I can only imagine the relief that Armstrong and Aldrin felt when the ascent engine kicked in and launched them skyward. The fact that they might be stranded on the lunar surface to die must have been in the back of their minds. I wonder what would have happened had they been stranded. Would they simply wait to run out of oxygen or would they get it over with quickly by way of cyanide capsule or maybe ripping off their pressure suits and exposing themselves to an instant death. Either way beats running out of oxgen and dying a slow, painful death by way of asphyxiation. I think there was a science fiction story I read a long time ago that dealt with this.

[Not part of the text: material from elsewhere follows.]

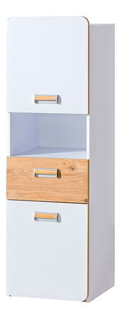 Skrinka Lavendon L4 (Dub Nash + Lesk Biely) s výškou 144 cm a hĺbkou 40 cm je úzka menšia komoda ideálna na uskladnenie kníh, hračiek alebo iných drobností. Je vhodná do detských a študentských izieb vďaka veselému dizajnu s farebnými okrajmi a frontom zásuvky. Komoda má dvere, zásuvku a otvorenú poličku s podlhovastými úchytkami. Modelový rad Lavendon je určený pre deti a tínedžerov s aktívnym životným štýlom. Svieži moderný dizajn s jaseňom Coimbra v kombinácii so žiarivými farebnými prvkami a ozdobnými farebnými okrajmi. Vyčnievajúce dvierka s zaoblenými rohmi, či už v šatníkových skriňach, komodách, regáloch, PC stolíkoch, poličkách alebo pohodlných posteľách, vytvoria v detskej alebo študentskej izbe príjemnú atmosféru.
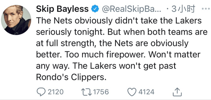 名嘴Skip Bayless在社交媒体上点评本场比赛的时候非常直接,他看衰湖人:“篮网今晚显然没有认真对待湖人,但当两队都全员健康时,篮网显然更强。很多的火力,无论怎样都没有关系。湖人将无法通过隆多的快船队。”

Anyway, glad Nixon never had to give that speech.
I sat in a Mercury capsule at KSC and felt a wave of panic coming on. I cannot imagine the courage all those 60’s astronauts had to go up where nobody can help them in a primitive ballistic spacecraft.
“The Cold Equations” dealt with not enough fuel and jettisoning a passenger. Larry Niven had one where the guy was stuck on Pluto and choose to take off his suit and take a heroic pose before freezing to death.
“You're in orbit and find you can't fire your retrorockets and you only have an hour of oxygen left. What would you do?”
Astronaut - “I guess I'd better hurry up and start fixing things, shouldn't I?”
I think that answer speaks volumes.
R.I.P. Neil Armstrong, a great American HERO!